TASK
The reply should contain all the data below, repeated exactly, and none of the images.

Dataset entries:
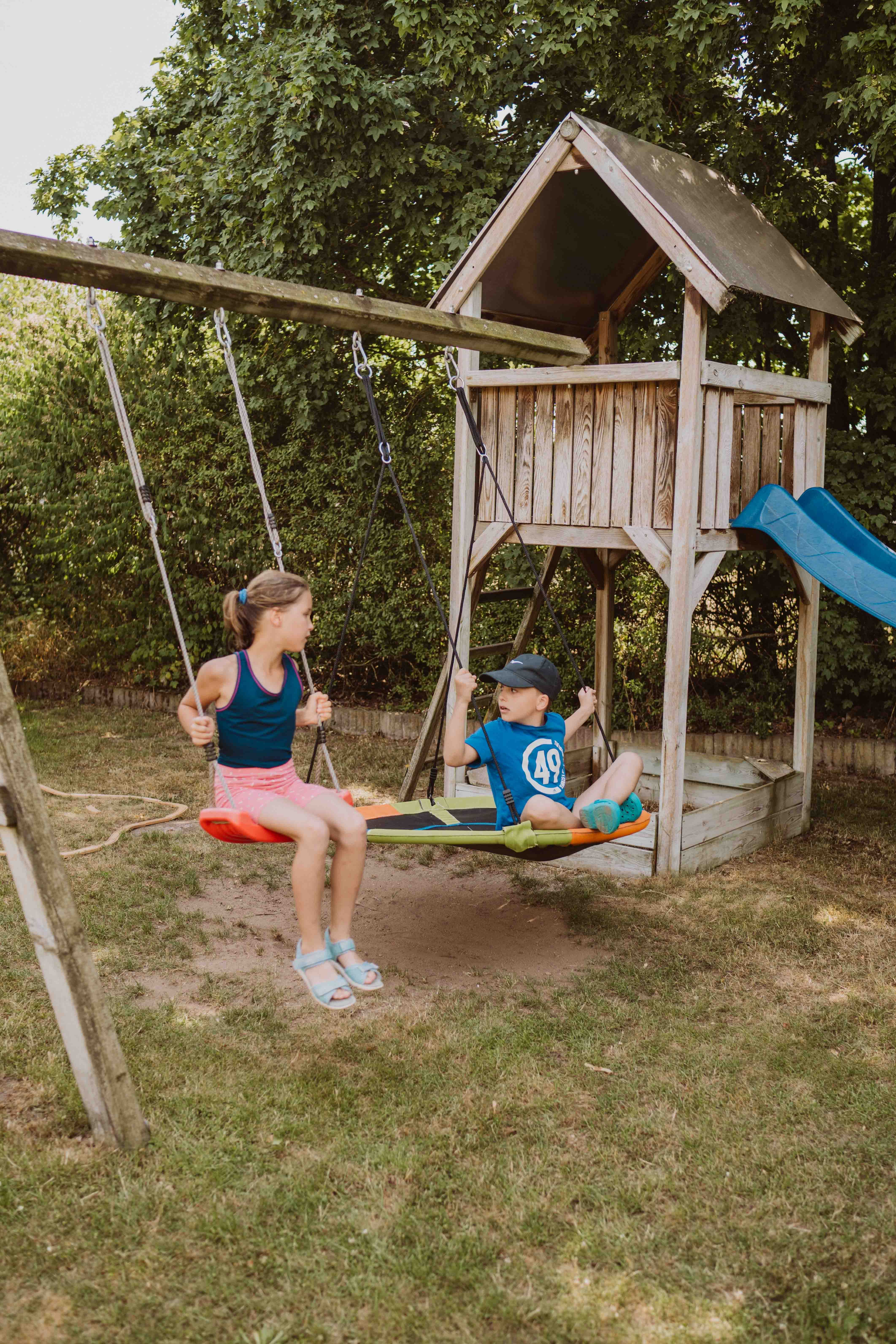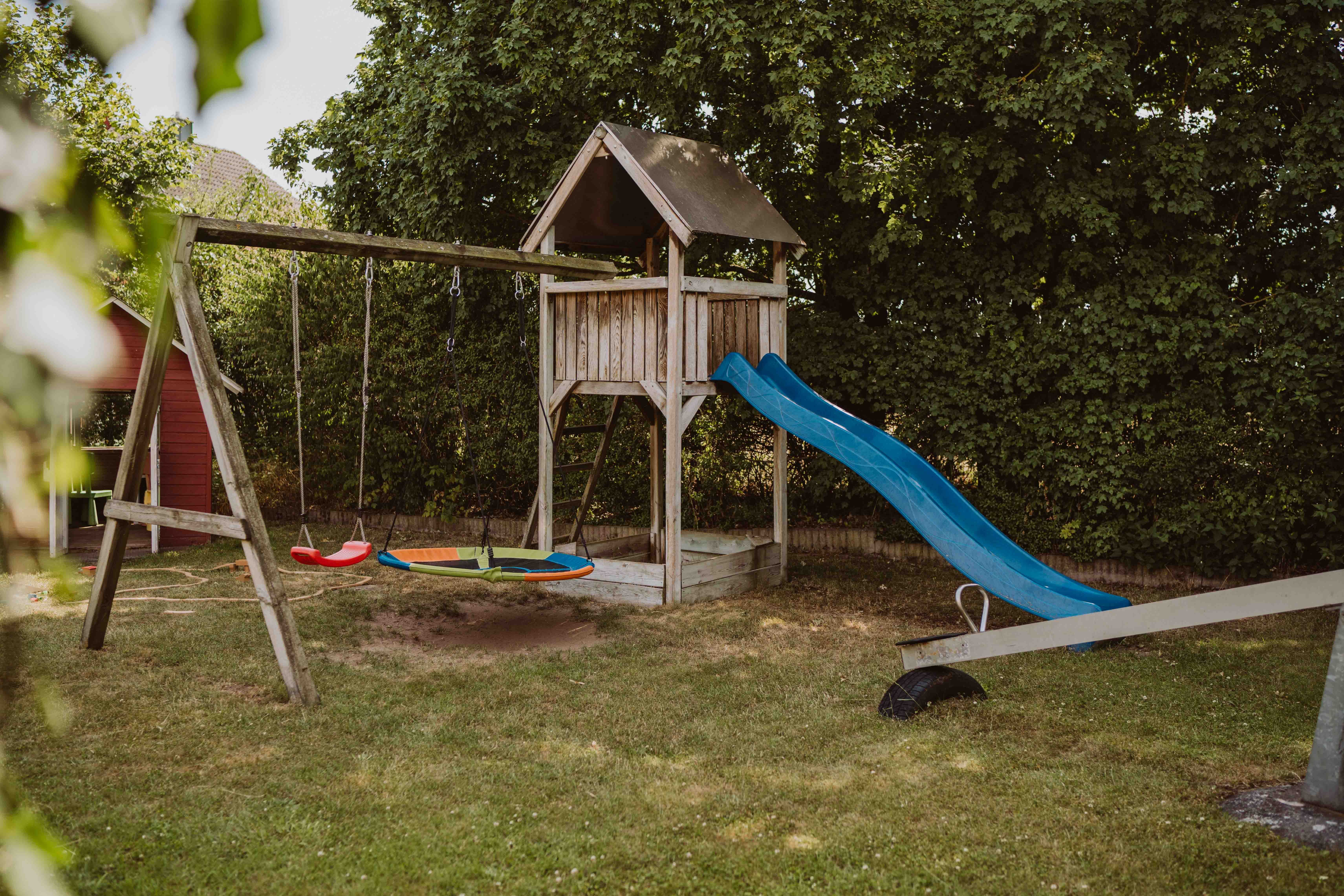 Wippen, Schaukel, Rutsche und Spielhaus sowie Bobby-Car und Tretbulldog stehen bereit.
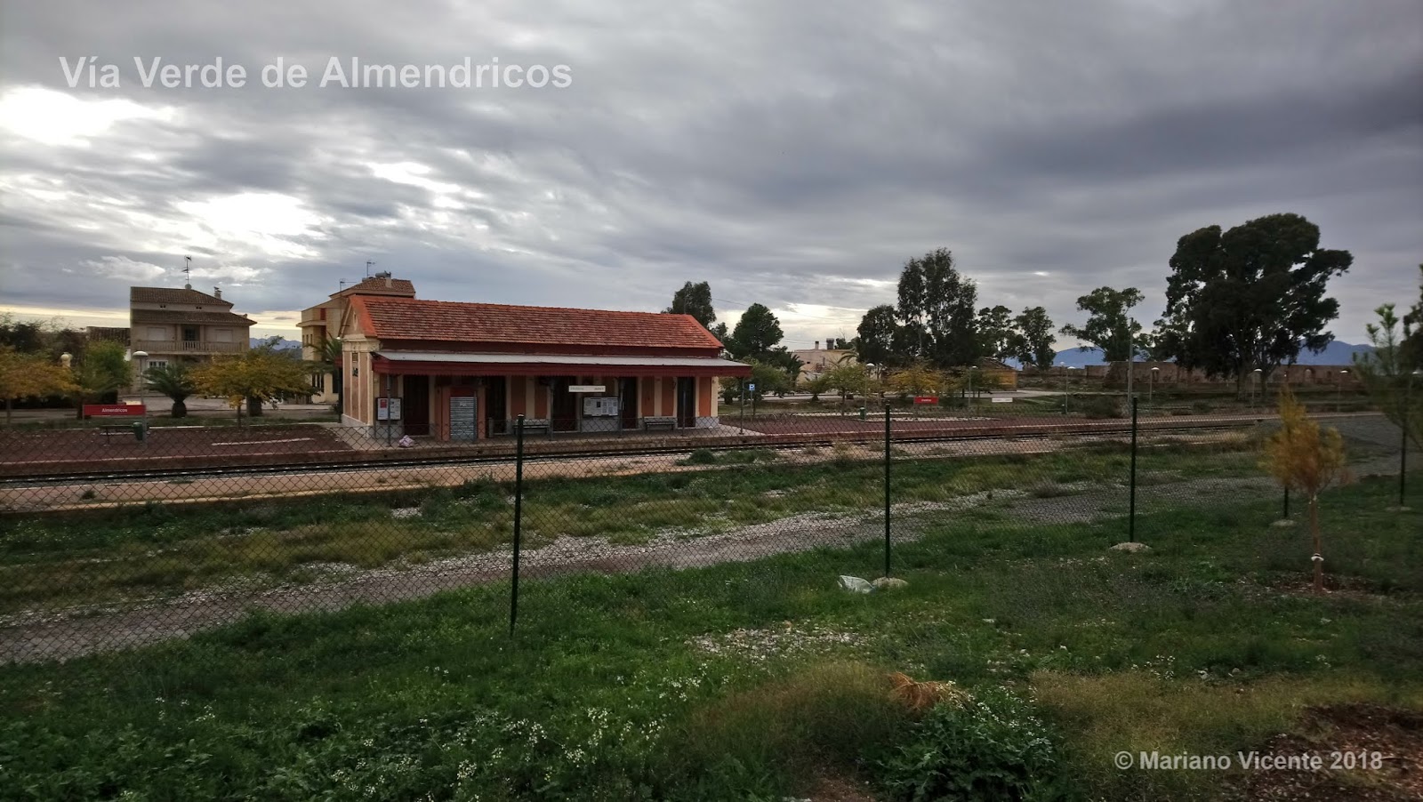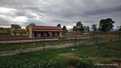 Fue hacia 1888, cuando la compañía inglesa The Great Southern of Spain Railway Limited, comenzó a construir la línea de ferrocarril que uniría Águilas con Almendricos, que entraría en funcionamiento 2 años más tarde. Hasta Huércal-Overa lo haría en 1891 y hasta Zurgena en el 1892. A Albox llegaría 1893. En el 1994 lo hace hasta Purchena y en el 95 a Serón y Baza. En 1941 pasaría a manos de Renfe hasta su cierre el 1 de enero de 1985. Por fortuna, gracias a ser subvencionado por la Comunidad Autónoma de Murcia, se mantuvo en funcionamiento el tramo entre Lorca y Águilas, continuación de la línea de Murcia a Lorca. Todo esto ha facilitado que a día de hoy pudiéramos subir a un cercanías que sale de la estación de Murcia a las 9.47 con dirección a Almendricos. Poco después de las 11 nos encontrábamos en el anden del apeadero con nuestras bicicletas, Antonio Máximo, Matías Martín y un servidor, Mariano Vicente.
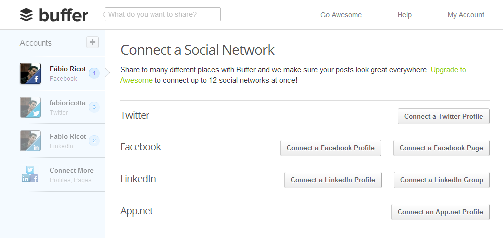 Conheci há alguns dias atrás uma plataforma muito bacana, chamada Buffer App, e gostaria de compartilhar minhas impressões com vocês. Se você é daqueles que tem contas bem ativas ou quer fornecer um bom conteúdo ao seu público mas não tem muito tempo para entrar no Facebook, Twitter e/ou Linkedin, esta é a plataforma ideal para você. O Buffer App é um local onde você pode centralizar todas as suas postagens, definindo horários padrão para os posts e ainda consegue ver todas as estatísticas das postagens. É uma forma bem prática e confiável para gerenciar os seus perfis.
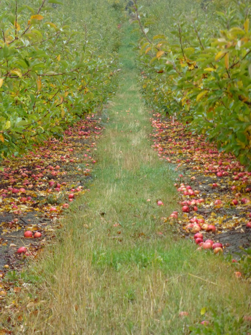 The tree with yellow leaves has only a short time left. Trees like this were planted in the 1980s, with the expectation of hysterical profits over a ten year life, before they were replanted with yet newer luxury varieties. Economic realities meant that didn’t happen. They linger on, in both slow physical and social decline. To compensate, more and more apples are discarded on the ground every year.
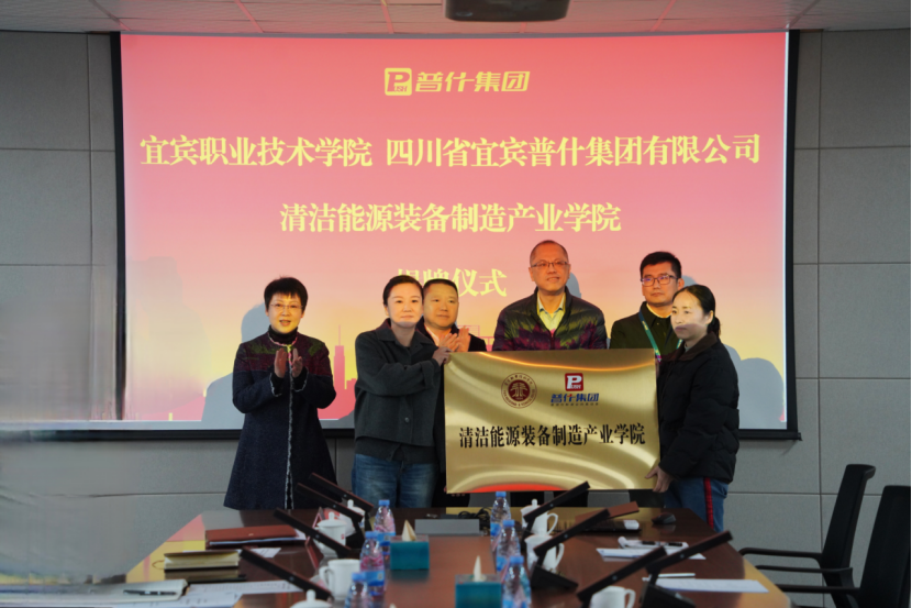 当前,宜宾市紧抓四川推动绿色低碳优势产业高质量发展的重大机遇,构建以新型工业化为主导的现代产业体系,奋力打造国家产教融合示范城市、西部地区重要的清洁能源基地。为应对产业发展和职业教育改革趋势,着力解决产业竞争日趋激烈、技术创新驱动不足、人才结构供需失衡等现实难题,作为宜宾市职业教育和国有企业的中坚力量,宜宾职院与普什集团联合组建了“清洁能源装备智能制造产学研综合平台”,并成功立项为四川省第二批产教融合示范项目。“清洁能源装备制造产业学院”的成立正是该示范项目体制机制创新的重要举措。
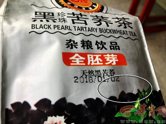 4月7日中午1點多,賀先生和友人一起在西影路華潤萬家超市閑逛時,購買了一些苦蕎茶,但賀先生卻發現了這些苦蕎茶包裝袋子上的異樣。
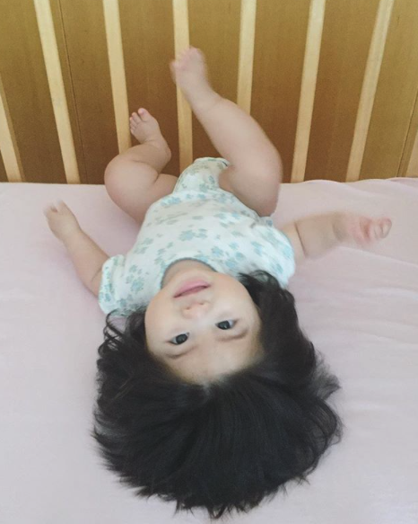 雖然只是個小嬰兒,但Chanco這驕人的髮量實在太令人羨慕,而且烏黑又有光澤,沒有梳理時Chanco就像一隻小獅子,讓媽媽也忍不住把獅子玩偶放在女兒旁邊做對比!
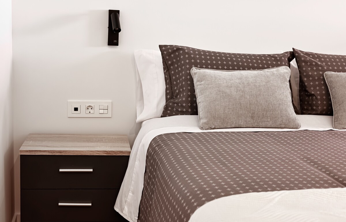 De estilo urbano y acogedor, este nuevo apartamento de un dormitorio con cama kingsize y sofá cama (144x180cm)se encuentra en el corazón del barrio de Gros, a 1 minuto a pie del centro de la ciudad Impecablemente recién reformado cuenta con aire acondicionado, televisión 55", Wifi, Nesspreso. Completamente equipado para niños y bebés. Perfectamente ubicado a 2 minutos de la estación de autobuses y de trenes, así como al lado de una parada directa de autobús para el aeropuerto de San Sebastián.
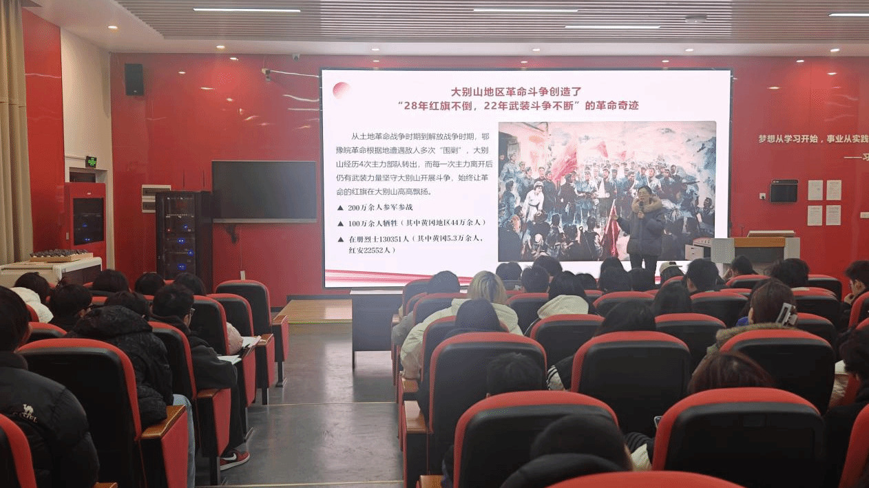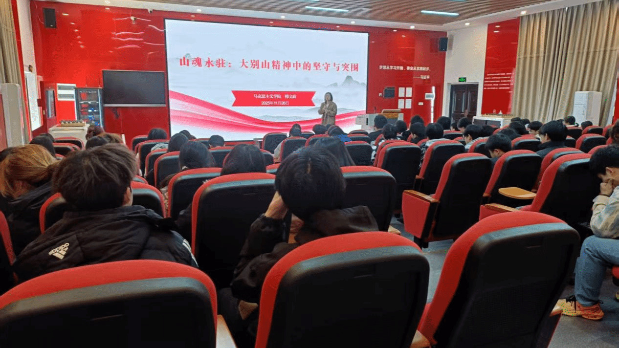 在整体把握的基础上,系列讲座分别对三大精神进行了深入浅出的聚焦解读。张红瑾、韩文政两位老师以《山魂永驻:大别山精神中的坚守与突围》为题,带领学生回顾了大别山革命根据地“28年红旗不倒”的壮阔史诗,深刻解读了“坚守信念、胸怀全局、团结奋进、勇当前锋”的精神内核,并启发学生将革命年代“坚守”的执着与“突围”的胆识,转化为钻研专业、勇于创新的当代实践。

RESULT OF THE EXERCISE
 Wippen, Schaukel, Rutsche und Spielhaus sowie Bobby-Car und Tretbulldog stehen bereit.
 Fue hacia 1888, cuando la compañía inglesa The Great Southern of Spain Railway Limited, comenzó a construir la línea de ferrocarril que uniría Águilas con Almendricos, que entraría en funcionamiento 2 años más tarde. Hasta Huércal-Overa lo haría en 1891 y hasta Zurgena en el 1892. A Albox llegaría 1893. En el 1994 lo hace hasta Purchena y en el 95 a Serón y Baza. En 1941 pasaría a manos de Renfe hasta su cierre el 1 de enero de 1985. Por fortuna, gracias a ser subvencionado por la Comunidad Autónoma de Murcia, se mantuvo en funcionamiento el tramo entre Lorca y Águilas, continuación de la línea de Murcia a Lorca. Todo esto ha facilitado que a día de hoy pudiéramos subir a un cercanías que sale de la estación de Murcia a las 9.47 con dirección a Almendricos. Poco después de las 11 nos encontrábamos en el anden del apeadero con nuestras bicicletas, Antonio Máximo, Matías Martín y un servidor, Mariano Vicente.
 Conheci há alguns dias atrás uma plataforma muito bacana, chamada Buffer App, e gostaria de compartilhar minhas impressões com vocês. Se você é daqueles que tem contas bem ativas ou quer fornecer um bom conteúdo ao seu público mas não tem muito tempo para entrar no Facebook, Twitter e/ou Linkedin, esta é a plataforma ideal para você. O Buffer App é um local onde você pode centralizar todas as suas postagens, definindo horários padrão para os posts e ainda consegue ver todas as estatísticas das postagens. É uma forma bem prática e confiável para gerenciar os seus perfis.
 The tree with yellow leaves has only a short time left. Trees like this were planted in the 1980s, with the expectation of hysterical profits over a ten year life, before they were replanted with yet newer luxury varieties. Economic realities meant that didn’t happen. They linger on, in both slow physical and social decline. To compensate, more and more apples are discarded on the ground every year.
 当前,宜宾市紧抓四川推动绿色低碳优势产业高质量发展的重大机遇,构建以新型工业化为主导的现代产业体系,奋力打造国家产教融合示范城市、西部地区重要的清洁能源基地。为应对产业发展和职业教育改革趋势,着力解决产业竞争日趋激烈、技术创新驱动不足、人才结构供需失衡等现实难题,作为宜宾市职业教育和国有企业的中坚力量,宜宾职院与普什集团联合组建了“清洁能源装备智能制造产学研综合平台”,并成功立项为四川省第二批产教融合示范项目。“清洁能源装备制造产业学院”的成立正是该示范项目体制机制创新的重要举措。
 4月7日中午1點多,賀先生和友人一起在西影路華潤萬家超市閑逛時,購買了一些苦蕎茶,但賀先生卻發現了這些苦蕎茶包裝袋子上的異樣。
 雖然只是個小嬰兒,但Chanco這驕人的髮量實在太令人羨慕,而且烏黑又有光澤,沒有梳理時Chanco就像一隻小獅子,讓媽媽也忍不住把獅子玩偶放在女兒旁邊做對比!
 De estilo urbano y acogedor, este nuevo apartamento de un dormitorio con cama kingsize y sofá cama (144x180cm)se encuentra en el corazón del barrio de Gros, a 1 minuto a pie del centro de la ciudad Impecablemente recién reformado cuenta con aire acondicionado, televisión 55", Wifi, Nesspreso. Completamente equipado para niños y bebés. Perfectamente ubicado a 2 minutos de la estación de autobuses y de trenes, así como al lado de una parada directa de autobús para el aeropuerto de San Sebastián.
 在整体把握的基础上,系列讲座分别对三大精神进行了深入浅出的聚焦解读。张红瑾、韩文政两位老师以《山魂永驻:大别山精神中的坚守与突围》为题,带领学生回顾了大别山革命根据地“28年红旗不倒”的壮阔史诗,深刻解读了“坚守信念、胸怀全局、团结奋进、勇当前锋”的精神内核,并启发学生将革命年代“坚守”的执着与“突围”的胆识,转化为钻研专业、勇于创新的当代实践。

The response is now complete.